Ruby ha bisogno di fallire quando si confronta con codice binario, ecc. Se non permetti a Ruby di andare avanti e fallire è una strada difficile quando si tratta di questa roba. Quindi uso il metodo char # String per suddividere la stringa data in una matrice di caratteri. Poi passo a quel codice in un metodo di disinfezione che consente al codice di avere “microfailures” (il mio conio) all’interno della stringa.

Quindi, data una stringa “sporca”, diciamo che hai usato File#read su un’immagine. (il mio caso)
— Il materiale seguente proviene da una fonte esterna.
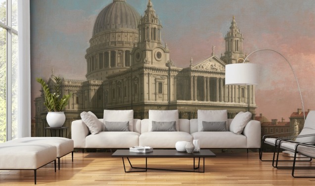 kunstbehangmuurschildering genaamd St. Paul's Cathedral van Canaletto voor thuiskantoren en slaapkamers
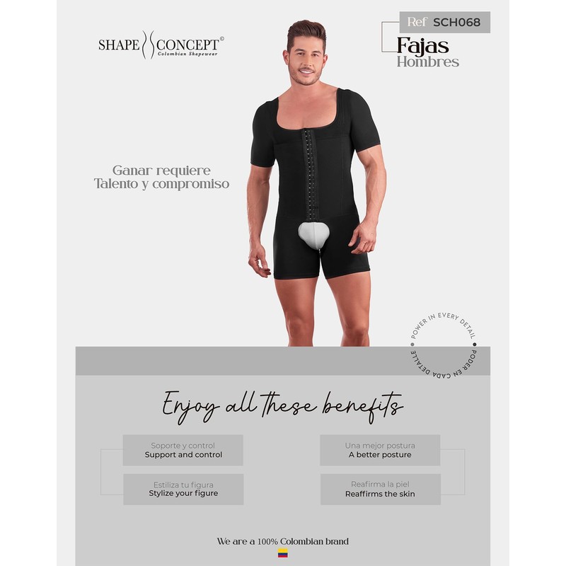 SHAPE CONCEPT Fajas para Hombres 368 High Compression Mens Shapewear Tummy Control Colombian Girdle Mens Full Body Shaper
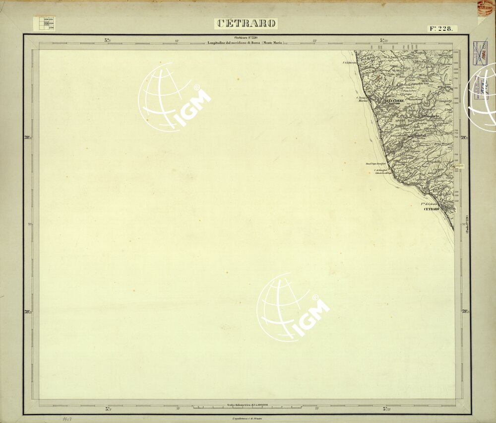 Vecchia edizione, originali in grande formato. Carta monocolore disegnata a penna su carta da disegno montata su cartone. Proiezione naturale. Rilievo del 1881/1898.
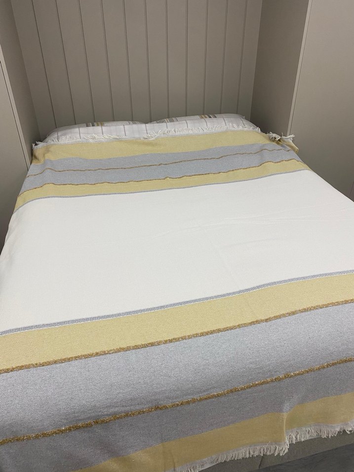 Yumuşak kumaştan, beyaz ve gri çizgili, sarı detaylı yatak örtüsü. Çizgili desenli ve püsküllü kenarlara sahiptir. HİÇ KULLANILMADI KARACA MARKA

 dirty = File.open(filepath).read clean_chars = dirty.chars.select do |c| begin num_or_letter?(c) rescue ArgumentError next end end clean = clean_chars.join("") def num_or_letter?(char) if char =~ /[a-zA-Z0-9]/ true elsif char =~ Regexp.union(" ", ".", "?", "-", "+", "/", ",", "(", ")") true end end 
 class String def strip_control_characters self.chars.reject { |char| char.ascii_only? and (char.ord < 32 or char.ord == 127) }.join end end 

Quick GS ha rivelato questa discussione che suggerisce il seguente metodo:

 class String def remove_nonascii(replacement) n=self.split("") self.slice!(0..self.size) n.each { |b| if b[0].to_i< 33 || b[0].to_i>127 then self.concat(replacement) else self.concat(b) end } self.to_s end end 

No, non vi è una mancanza di rimozione di tutti i caratteri oltre a quelli di base (che è raccomandato sopra). La migliore soluzione sarebbe gestire correttamente questi nomi (dato che la maggior parte dei filesystem oggi non ha problemi con i nomi Unicode). Se i tuoi utenti incollano legature, sicuramente lo faranno anche loro. Se il filesystem è un tuo problema, estrai il file e imposta il nome del file su alcuni md5 (questo ti permette anche di condividere facilmente i caricamenti in bucket che scansionano molto velocemente poiché non hanno mai troppe voci).